Yes they do. Every CPU has to work with a memory heirarchy. Every CPU can only directly work with the data in its registers. Then beyond that you've local memory in the case of SPEs or cache in the case of other CPUs. And beyond that you have main memory, whos access is expensive no matter what chip you're talking about. The SPEs can access main memory themselves.

gosh said:
If you dont have access to the memory you are lying about the fact that its unified vector/scalar/fp/integer units.

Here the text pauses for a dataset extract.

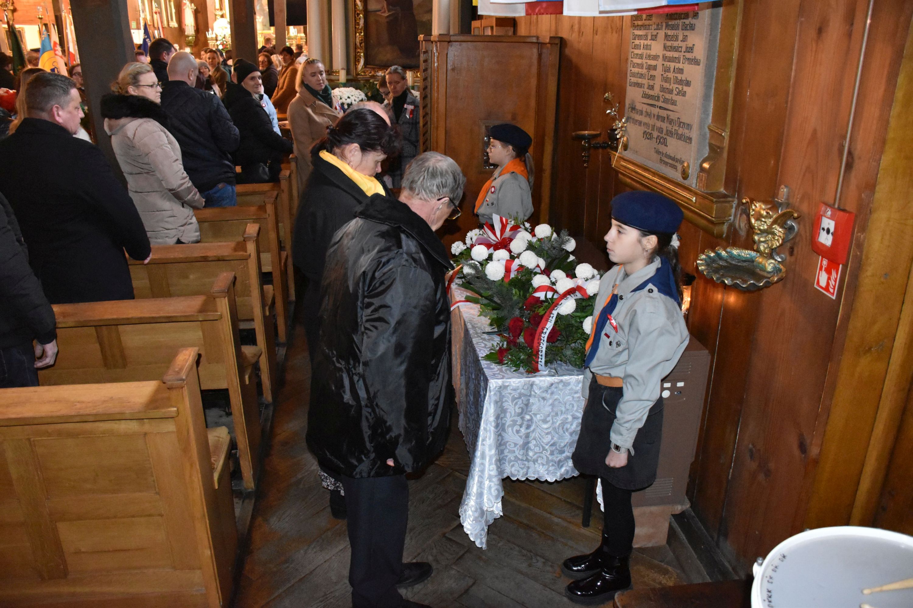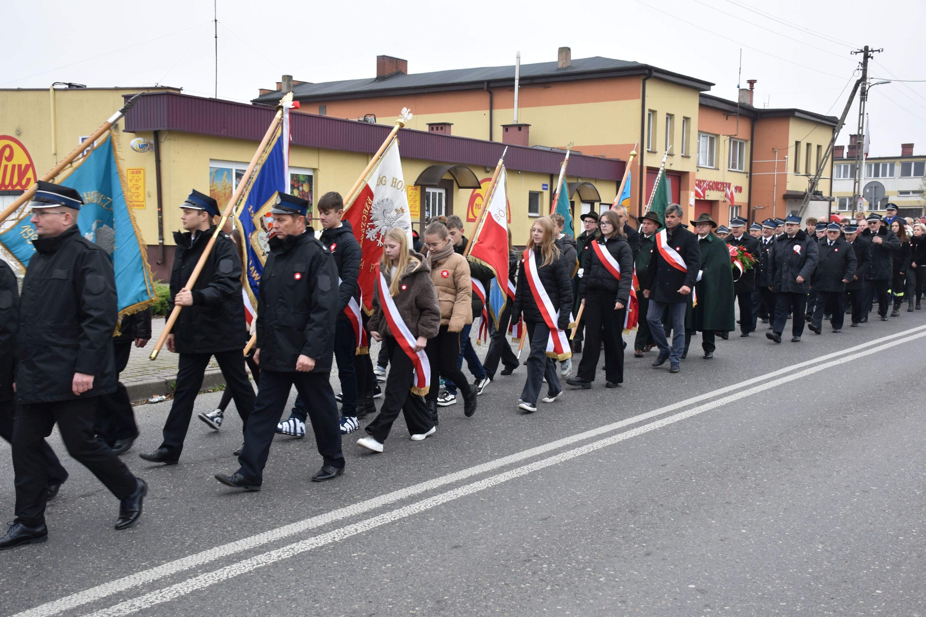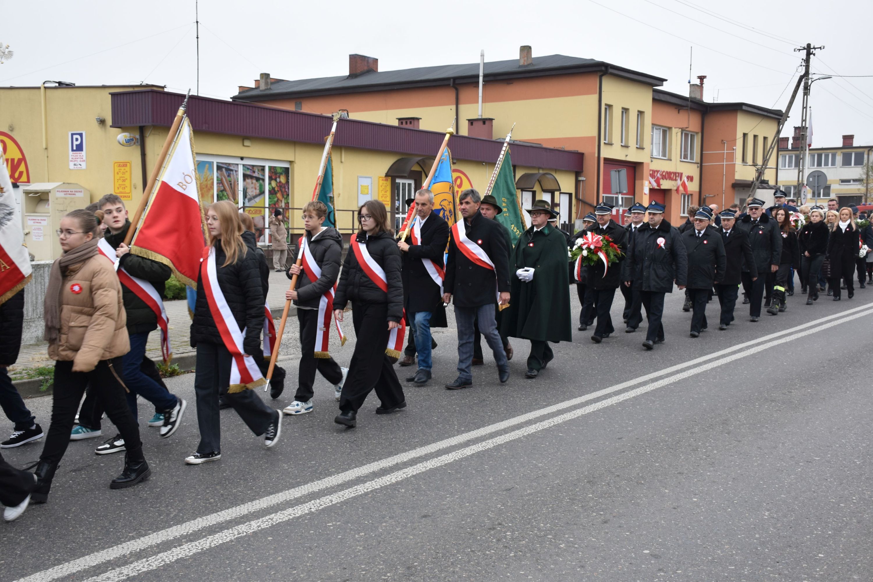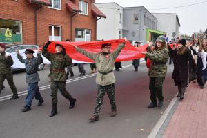 Bardzo pięknym akcentem tej uroczystości, który zasługuje na podkreślenie był przemarsz naszego młodego pokolenia z mającą ponad 44 m2 flagą Polski, która została uszyta 6 lat temu na setną rocznicę odzyskania niepodległości. Flaga została uszyta z kawałków materiału, na których mieszkańcy zarówno dorośli jak i dzieci pisali swoje "Listy do Polski".

Memory access has little to do with the execution hardware on a core, and the SPEs have floating point, scalar and integer computational capability. And they do have access to main memory anyway (and access to other SPE's local memory and access to the PPE's cache for that matter too).
 
gosh said:
dont play smart ass with me.
You shouldn't take that attitude with Jaws, he's a pretty knowledgeable guy... :)

I know what SPUs are. SPUs are subcore units, helper units , simpler CPU with no access to memory and only access to the core.
That is incorrect.

Cell SPUs are most definitely stand-alone CPUs in their own right. They have access to main memory via MMU/DMA operations, and peak integer ops is the same as peak flops. Hence, Cell out-ops x360 CPU where *peak* figures are concerned.

Real-world performance will vary in both cases, as always.

Its a subcore issue which has nothing to do with GPU scaling/vectoring performance
Au contraire, mon capitain!

Even if Cell did NOT have access to main memory as you claim (which it actually HAS, as already stated), that would not affect either flop or iop peak figures. Cell would still score higher on both counts. :)
 
Guden Oden said:
gosh said:
dont play smart ass with me.
You shouldn't take that attitude with Jaws, he's a pretty knowledgeable guy... :)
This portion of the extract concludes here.